(Extracted records)
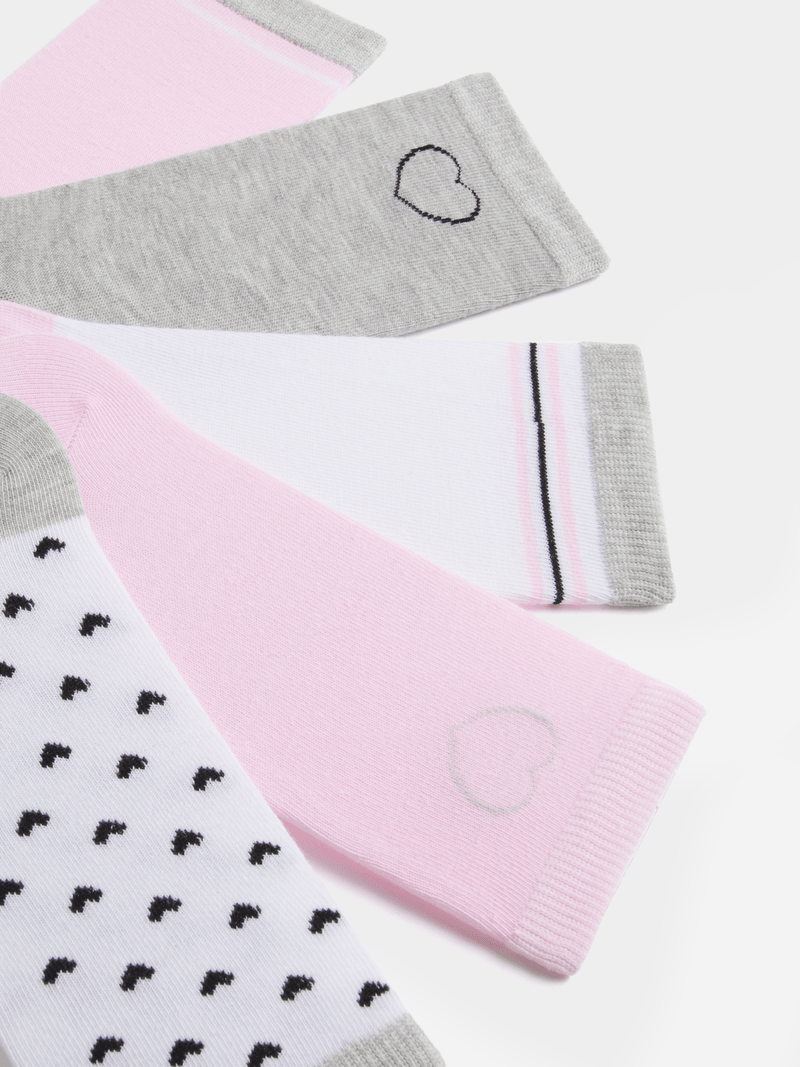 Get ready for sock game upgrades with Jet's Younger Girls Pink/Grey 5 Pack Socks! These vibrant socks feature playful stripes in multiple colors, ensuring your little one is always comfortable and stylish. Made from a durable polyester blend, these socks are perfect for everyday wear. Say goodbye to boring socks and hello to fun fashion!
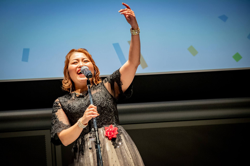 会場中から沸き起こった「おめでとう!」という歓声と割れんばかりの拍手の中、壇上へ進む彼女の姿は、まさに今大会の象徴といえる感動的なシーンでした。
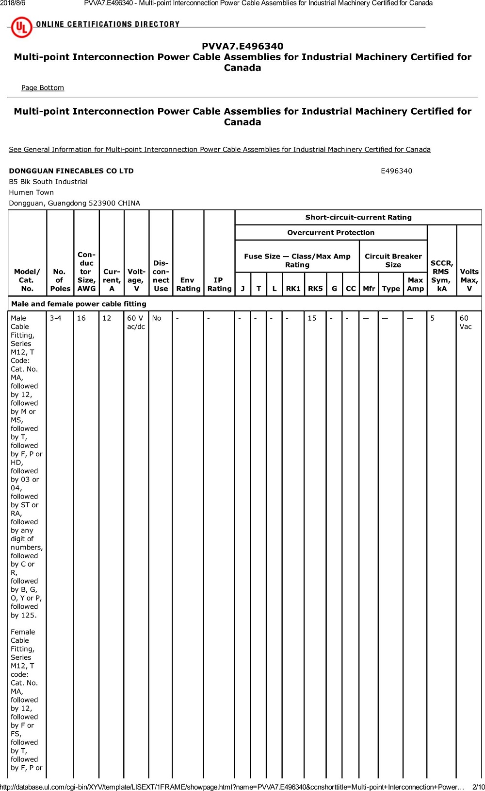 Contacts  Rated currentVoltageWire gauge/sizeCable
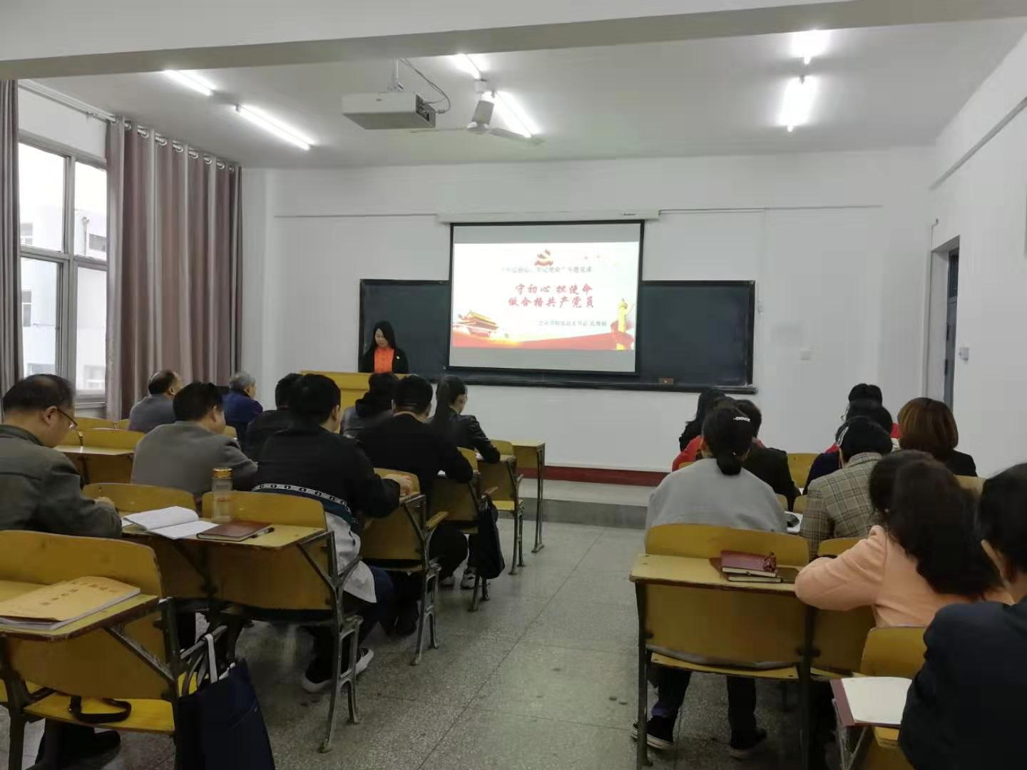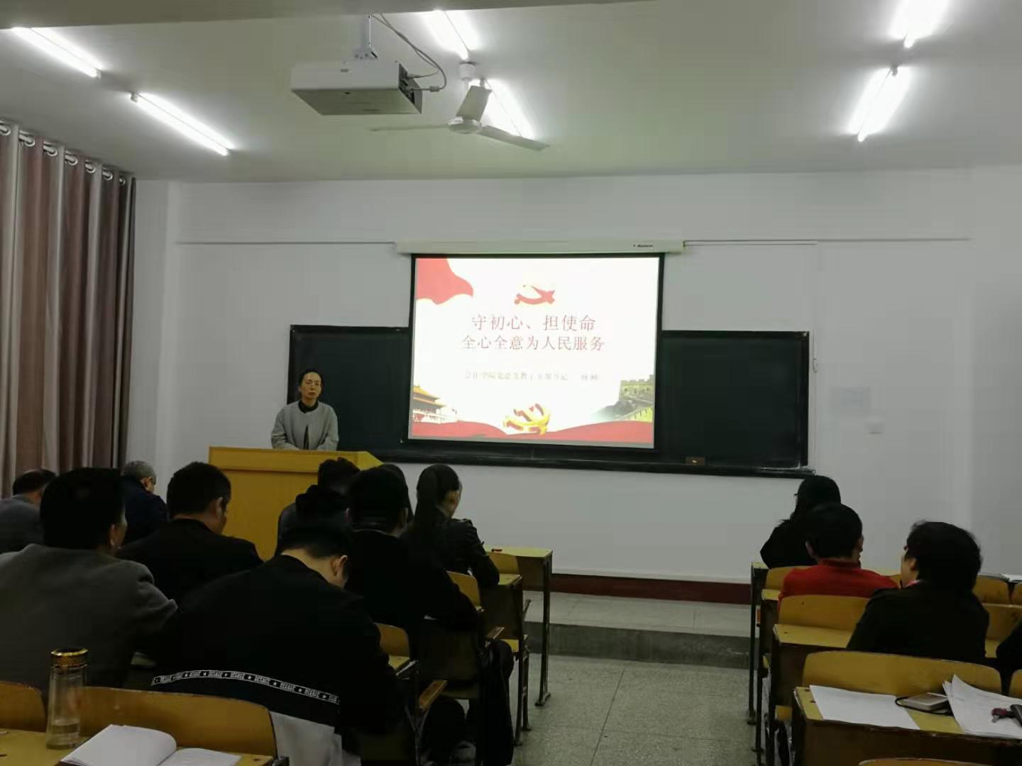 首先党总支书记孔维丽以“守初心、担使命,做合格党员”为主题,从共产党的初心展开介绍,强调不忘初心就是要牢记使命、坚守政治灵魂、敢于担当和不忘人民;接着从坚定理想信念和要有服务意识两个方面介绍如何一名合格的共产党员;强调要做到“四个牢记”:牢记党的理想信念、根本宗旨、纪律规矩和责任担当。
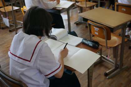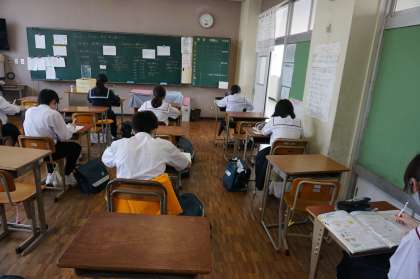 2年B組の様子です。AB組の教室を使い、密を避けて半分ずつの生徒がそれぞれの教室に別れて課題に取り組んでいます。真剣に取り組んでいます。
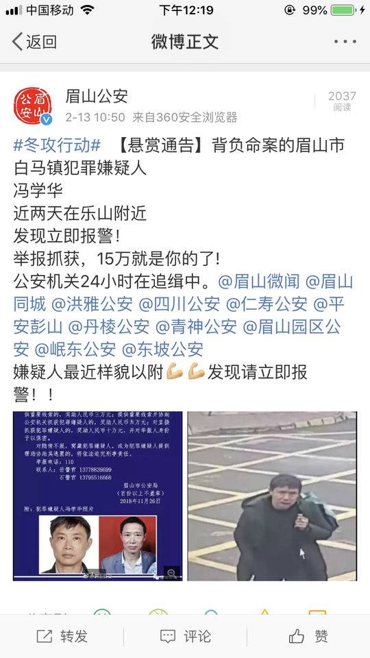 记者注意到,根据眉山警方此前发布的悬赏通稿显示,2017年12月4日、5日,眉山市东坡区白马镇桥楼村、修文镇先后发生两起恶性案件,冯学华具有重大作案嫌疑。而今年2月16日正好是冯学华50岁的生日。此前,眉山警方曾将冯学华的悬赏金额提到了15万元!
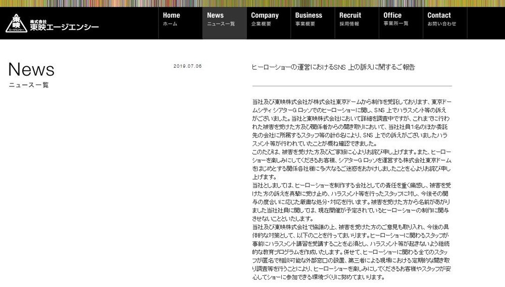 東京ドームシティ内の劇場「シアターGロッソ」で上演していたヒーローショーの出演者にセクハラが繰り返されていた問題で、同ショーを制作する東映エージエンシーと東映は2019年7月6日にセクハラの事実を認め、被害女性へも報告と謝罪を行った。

:: THE TASK ::
From the first line to the last, output the data exactly; skip any pictures.

:: WRITTEN REPLY ::
 Get ready for sock game upgrades with Jet's Younger Girls Pink/Grey 5 Pack Socks! These vibrant socks feature playful stripes in multiple colors, ensuring your little one is always comfortable and stylish. Made from a durable polyester blend, these socks are perfect for everyday wear. Say goodbye to boring socks and hello to fun fashion!
 会場中から沸き起こった「おめでとう!」という歓声と割れんばかりの拍手の中、壇上へ進む彼女の姿は、まさに今大会の象徴といえる感動的なシーンでした。
 Contacts  Rated currentVoltageWire gauge/sizeCable
 首先党总支书记孔维丽以“守初心、担使命,做合格党员”为主题,从共产党的初心展开介绍,强调不忘初心就是要牢记使命、坚守政治灵魂、敢于担当和不忘人民;接着从坚定理想信念和要有服务意识两个方面介绍如何一名合格的共产党员;强调要做到“四个牢记”:牢记党的理想信念、根本宗旨、纪律规矩和责任担当。
 2年B組の様子です。AB組の教室を使い、密を避けて半分ずつの生徒がそれぞれの教室に別れて課題に取り組んでいます。真剣に取り組んでいます。
 记者注意到,根据眉山警方此前发布的悬赏通稿显示,2017年12月4日、5日,眉山市东坡区白马镇桥楼村、修文镇先后发生两起恶性案件,冯学华具有重大作案嫌疑。而今年2月16日正好是冯学华50岁的生日。此前,眉山警方曾将冯学华的悬赏金额提到了15万元!
 東京ドームシティ内の劇場「シアターGロッソ」で上演していたヒーローショーの出演者にセクハラが繰り返されていた問題で、同ショーを制作する東映エージエンシーと東映は2019年7月6日にセクハラの事実を認め、被害女性へも報告と謝罪を行った。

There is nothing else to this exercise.